Copy the data exactly as it appears, and do not include any pictures.

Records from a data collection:

-*-

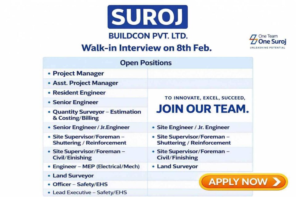 Suroj Buildcon Pvt Ltd Walk In Drive | ITI, Diploma, and Degree
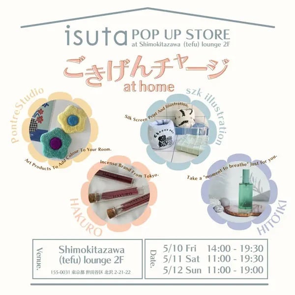 そんな「PontreStudio」の商品など、おうちで使うセンスフルなアイテムが大集合するWebサイト「isuta」主催のポップアップストア「isuta POP UP STORE -ごきげんチャージ at home-」が、5月10日(金)~12日(日)の3日間限定で、東京?下北沢の「(tefu) lounge」にオープンします!
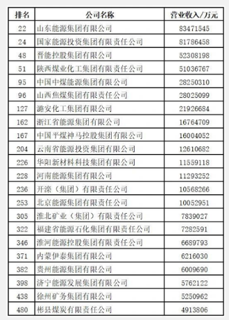 (關(guān)鍵字:煤炭企業(yè) 500強)
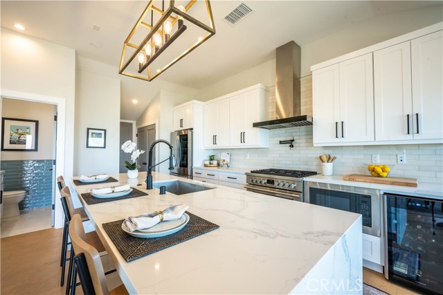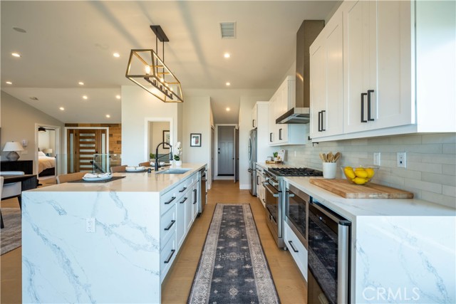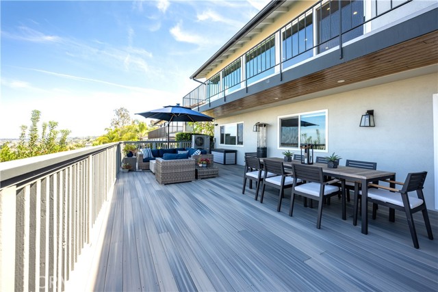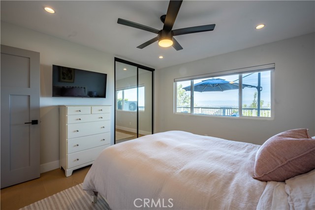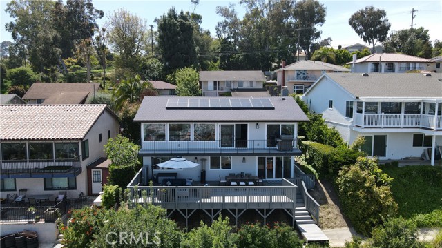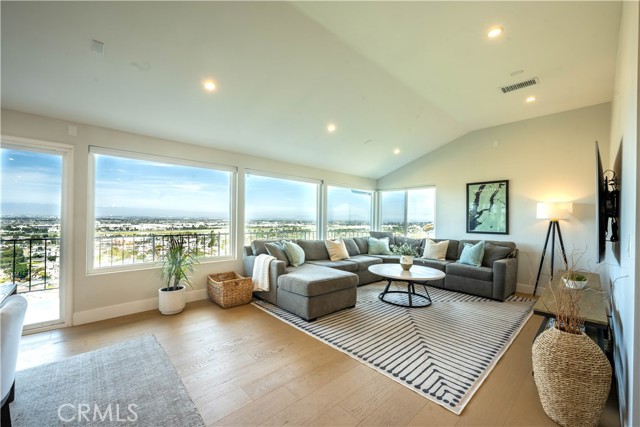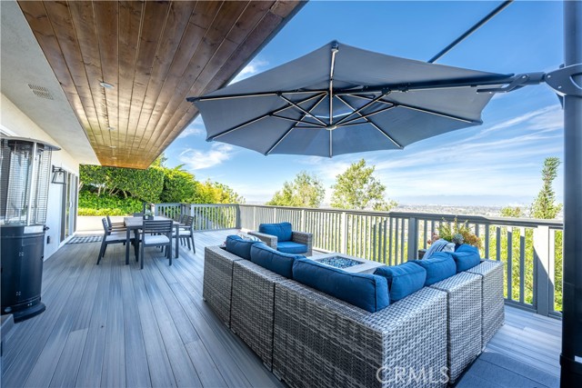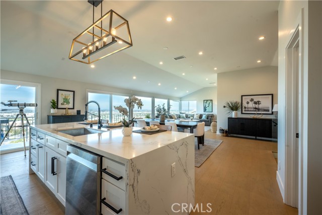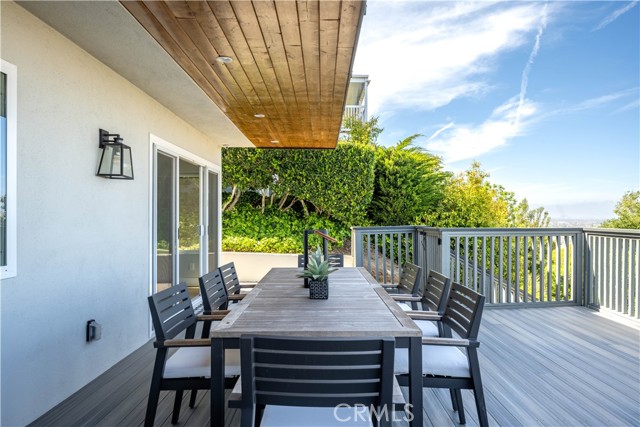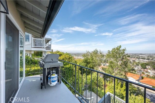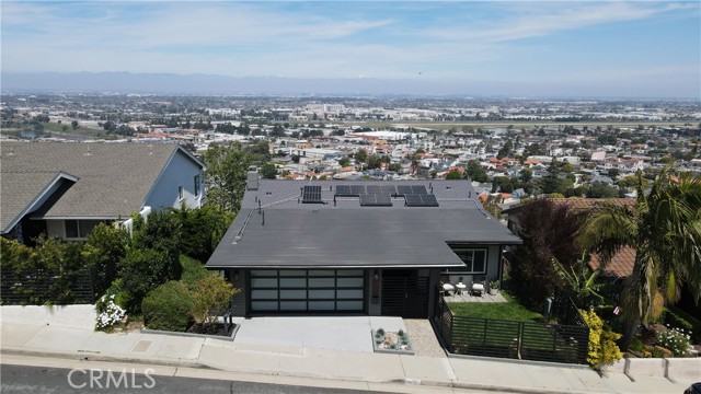 Panoramic Views, luxury and comfort are what you will experience with this contemporary two-story home nestled in the upper Hollywood Riviera neighborhood. With four bedrooms and four bathrooms, it offers a sanctuary of spacious sophisticated living. Upon entry, you're welcomed by an open floor plan illuminated by an abundance of natural light streaming through numerous windows and sliding doors that frame breathtaking views of sunrises, sunsets, and panoramic city and mountain vistas. The home's centerpiece is the gourmet kitchen, featuring a quartz waterfall-edge expansive island complemented by white shaker cabinetry adorned with contrasting dark iron hardware and a white subway tile backsplash. Equipped with high-end stainless-steel appliances, including a ThinQ LG smart French door refrigerator, a beautiful Italian 6-burner range and oven, dishwasher, and wine fridge, the kitchen is a chef's dream. The home also comes with a Samsung smart washer and dryer. Entertain with ease at the breakfast bar or on the spacious upper and lower decks, which offer ample room for outdoor gatherings. Relax in the lower-level family room beside the cozy remote-controlled gas fireplace, which creates a warm ambiance perfect for intimate gatherings. Wood floors throughout the home add a touch of natural charm and warmth. This home was completely renovated in 2021 and offers an attached two-car garage with overhead storage racks, a new roof, plumbing, and electrical, and a tankless hot water system with instant hot water recirculation. As an added bonus, the home is equipped with an energy-efficient Nest thermostat, solar panels that offer NEM service, and a Tesla Powerwall backup battery. Ideally located near Pacific Coast Highway, this home offers easy access to nearby amenities and recreational activities. With its impeccable design, breathtaking views, and prime location, this Hollywood Riviera gem invites you to experience luxury living at its finest.
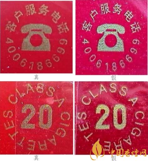 真煙的“ 電話”和“20”標(biāo)識呈現(xiàn)布紋狀;假煙的“電話”和“20”標(biāo)識中沒有紋路,且有漏金。

-*-

EXERCISE ANSWER:
 Suroj Buildcon Pvt Ltd Walk In Drive | ITI, Diploma, and Degree
 そんな「PontreStudio」の商品など、おうちで使うセンスフルなアイテムが大集合するWebサイト「isuta」主催のポップアップストア「isuta POP UP STORE -ごきげんチャージ at home-」が、5月10日(金)~12日(日)の3日間限定で、東京?下北沢の「(tefu) lounge」にオープンします!
 (關(guān)鍵字:煤炭企業(yè) 500強)
 Panoramic Views, luxury and comfort are what you will experience with this contemporary two-story home nestled in the upper Hollywood Riviera neighborhood. With four bedrooms and four bathrooms, it offers a sanctuary of spacious sophisticated living. Upon entry, you're welcomed by an open floor plan illuminated by an abundance of natural light streaming through numerous windows and sliding doors that frame breathtaking views of sunrises, sunsets, and panoramic city and mountain vistas. The home's centerpiece is the gourmet kitchen, featuring a quartz waterfall-edge expansive island complemented by white shaker cabinetry adorned with contrasting dark iron hardware and a white subway tile backsplash. Equipped with high-end stainless-steel appliances, including a ThinQ LG smart French door refrigerator, a beautiful Italian 6-burner range and oven, dishwasher, and wine fridge, the kitchen is a chef's dream. The home also comes with a Samsung smart washer and dryer. Entertain with ease at the breakfast bar or on the spacious upper and lower decks, which offer ample room for outdoor gatherings. Relax in the lower-level family room beside the cozy remote-controlled gas fireplace, which creates a warm ambiance perfect for intimate gatherings. Wood floors throughout the home add a touch of natural charm and warmth. This home was completely renovated in 2021 and offers an attached two-car garage with overhead storage racks, a new roof, plumbing, and electrical, and a tankless hot water system with instant hot water recirculation. As an added bonus, the home is equipped with an energy-efficient Nest thermostat, solar panels that offer NEM service, and a Tesla Powerwall backup battery. Ideally located near Pacific Coast Highway, this home offers easy access to nearby amenities and recreational activities. With its impeccable design, breathtaking views, and prime location, this Hollywood Riviera gem invites you to experience luxury living at its finest.
 真煙的“ 電話”和“20”標(biāo)識呈現(xiàn)布紋狀;假煙的“電話”和“20”標(biāo)識中沒有紋路,且有漏金。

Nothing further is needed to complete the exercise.